Далее. Солженицын — великий интегратор. Он противопоставил себя дробящим тенденциям, определившим судьбу России в прошлом столетии.
Интегратор он, прежде всего, литературный.
В «Красном колесе» и связанных с эпопеей тематически и структурно двучастных рассказах читатель сталкивается с эффектом экспериментирования в гораздо большей степени, чем, скажем, в «Одном дне…» или «Раковом корпусе». Реалистическая модель, которую автор усвоил, освоил и развил в молодости и зрелости, оказалась неадекватной его новому эпическому проекту.
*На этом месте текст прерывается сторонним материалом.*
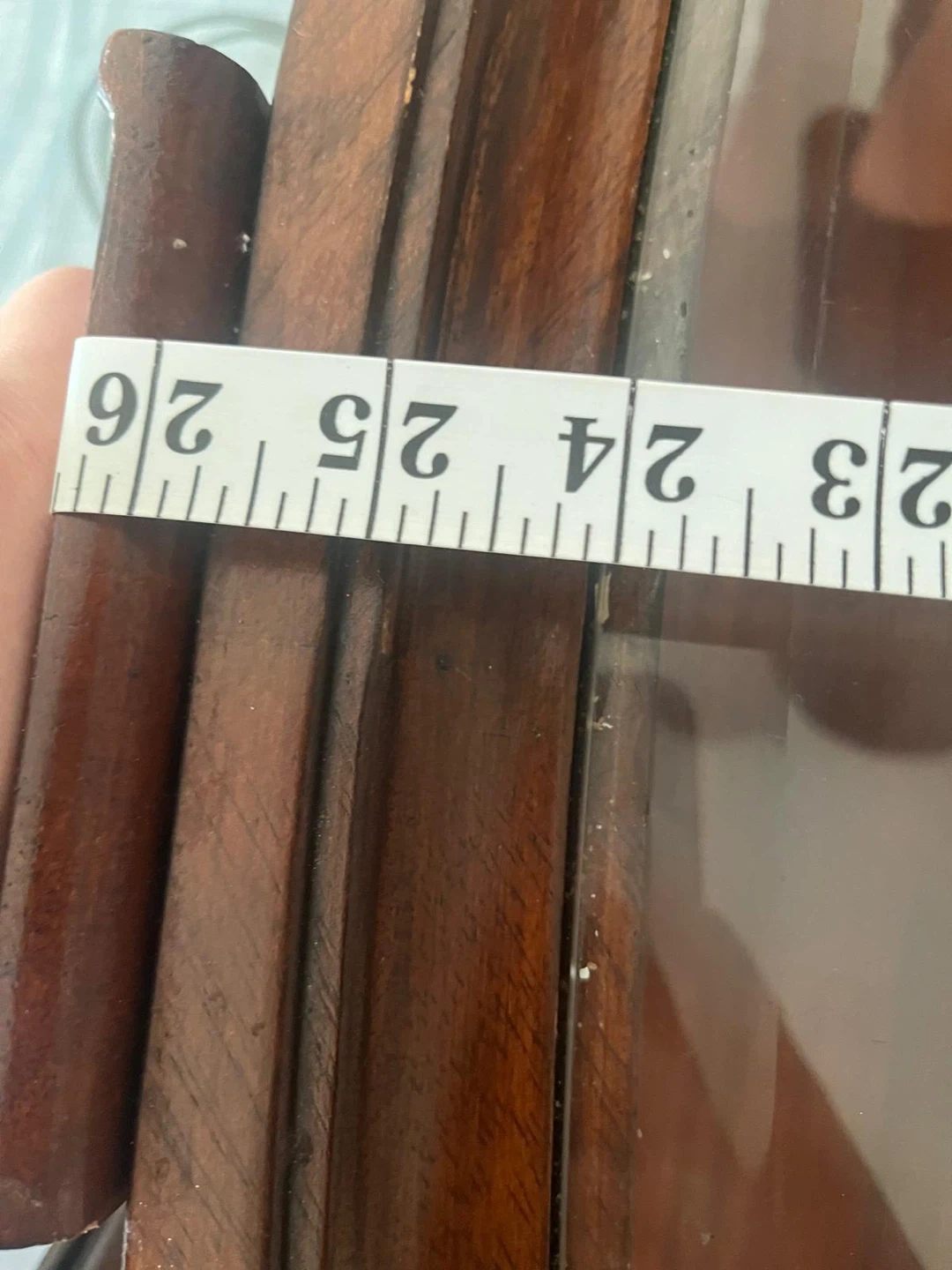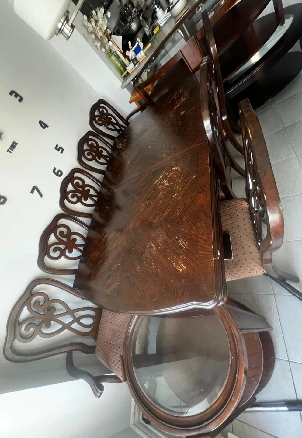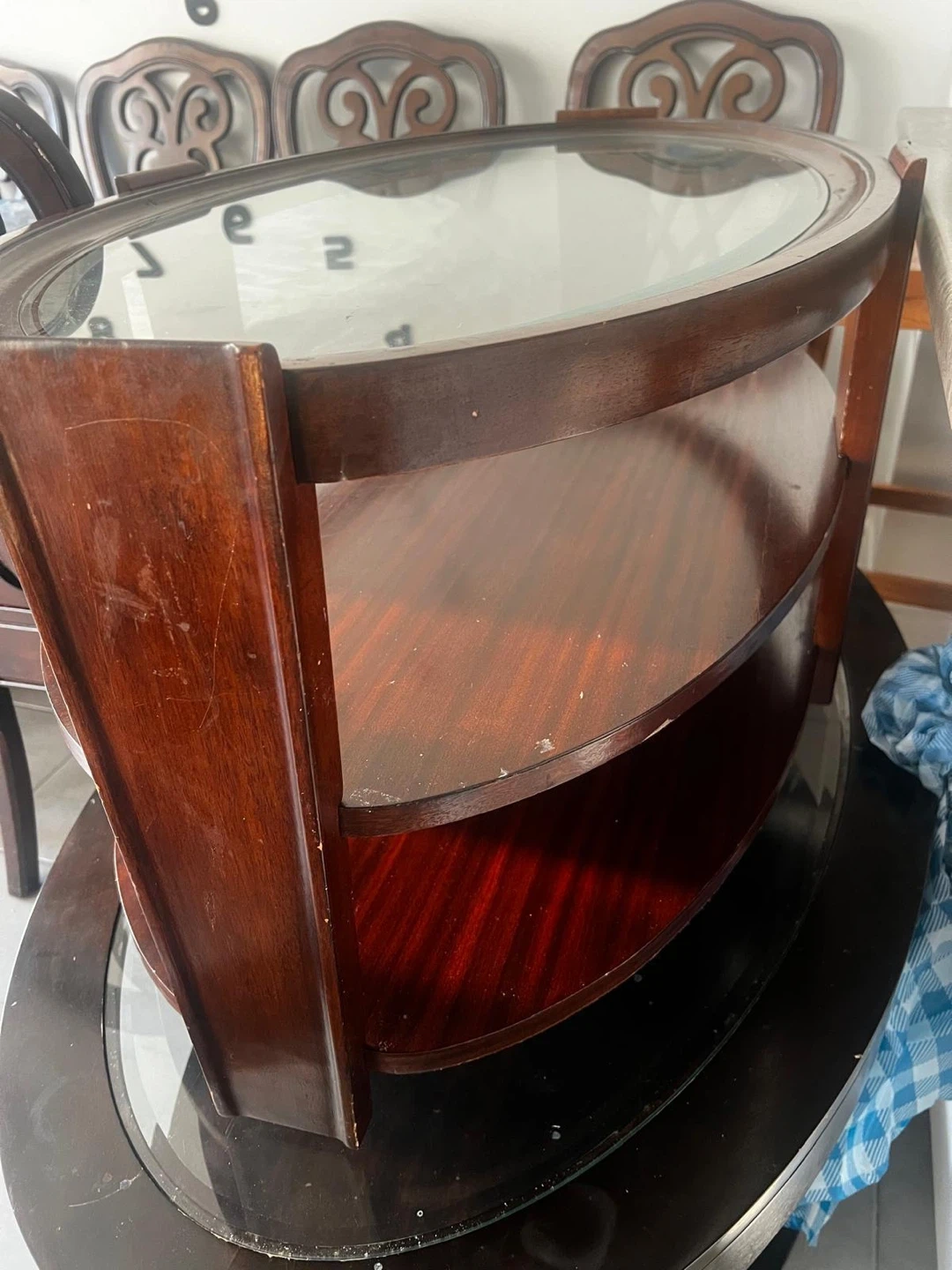 Selling a wooden dining table set with a glass-topped coffee table. The dining table comes with six chairs. The coffee table is round and has three tiers. There are some signs of wear and tear on the dining table.

И тогда он изобрел, а местами и позаимствовал (у Дос Пасоса, Замятина, Цветаевой, даже Набокова) ряд приемов и подходов, которые можно назвать модернистскими: в том смысле, что модернизм — это «единственное искусство, которое содержит в себе ответ на хаос нашей эпохи» [10]. Но если Солженицын модернист — другими словами, стилист Современного, — то он модернист, преодолевающий хаос, последовательно восстанавливающий и реставрирующий поверженные, искаженные, раздробленные смыслы, авторитетный, даже авторитарный проповедник абсолютной системы нравственных и эстетических ценностей. Тут он напоминает Т.С. Элиота или тех же Замятина и Набокова.
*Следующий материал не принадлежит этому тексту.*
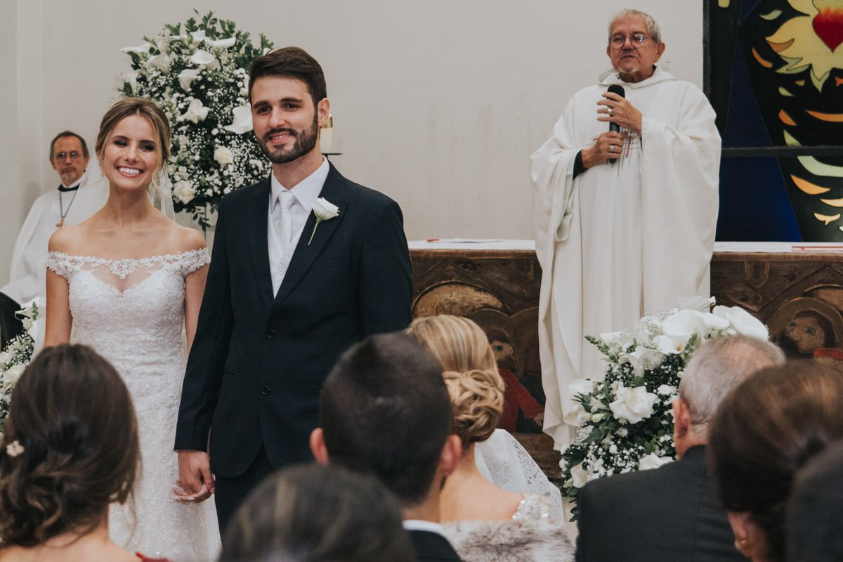 Nós já trouxemos para vocês como foi o ensaio pré-casamento da Aline e do Dudu, lá no Rola Moça. Se não viu ainda, corre lá pra ver! E hoje é dia de trazer as fotos do casamento, que rolou lá no Caravaggio Eventos! Um espaço clássico, repleto de lindas obras de arte para combinar com este casamento clássico. Além da festa super animada, a cerimônia rolou lá na Mãe da Igreja, no Bairro Vila Paris. E teve todo um toque especial. O padre Danilo, hoje falecido, era amigo das duas famílias. Além disso, acompanhou Aline e Dudu muito antes deles se conhecerem. Na época do casamento, o padre Danilo já não celebrava mais as missas da Mãe da Igreja. Mas foi convidado especialmente para esse casamento! Uma honra para o casal poder contar com uma presença tão especial, né?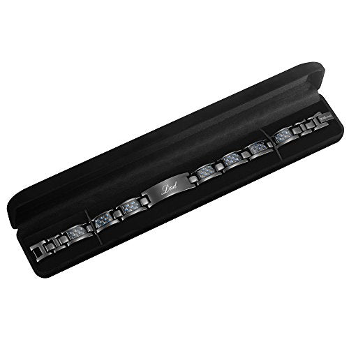 Details: Blending elegance with strength, this super lightweight bracelet from the Willis Judd Dad collection will make the perfect gift for your dad or grandad this Fathers Day, Birthday Or Christmas. Weighing in at just 24 grams, it is made from finest quality black titanium and features carbon fiber. It feels so light you’ll hardly know you are wearing it! Measuring 8.5inch long and approx. 1.2cm wide. The front of the center plate is engraved DAD and the back of the center plate is engraved Love You Dad, making this a perfect fathers day, Christmas or birthday gift. It comes packed in an impressive black velvet bracelet box at no extra cost. Also included in the price is an easy-to-use Link Removal tool, allowing you effortlessly to adjust the bracelet to your requirements from the convenience of your own home. What’s more, we have a no-quibble, money-back return policy. Hypoallergenic, this bracelet will not irritate skin. Willis Judd is proud to be selling this delightful bracelet on Amazon – please read feedback from our satisfied customers.

В 90-х годах прошлого века я возглавлял программу изучения русского языка Иллинойского университета в Санкт-Петербурге. Помню разговор между одним из преподавателей и нашими студентами в классе разговорного языка. Моя российская коллега попросила каждого из них перечислить, разумеется по-русски, членов своей семьи. Оказалось, что американская семья состоит из папы с мамой и полутора детей. Дяди, тети, кузены и кузины оказались вне этих генетических параметров. Коллега была изумлена!
Семейственность русского уклада жизни — характернейшая и очень привлекательная для иностранцев ее особенность. Семьдесят лет назад немецкий филолог Эрих Ауэрбах заметил, что, когда русская литература в лице Достоевского и Толстого вошла в культурное сознание Запада, она была воспринята как продукт «великой и гомогенной национальной семьи» [11]. Уход Солженицына — потеря национального патриарха, последнего семейного главы.
Но все-таки почему Солженицын — писатель XXI века?
Идеологии, события, персоналии XX века были для него первичным литературным материалом. Он писал для современников. Однако читать его будут и потомки, а для них художественная, магическая сторона его романов и рассказов, наверное, будет значить очень много — может быть, даже больше их полемического, политического, исторического аспекта.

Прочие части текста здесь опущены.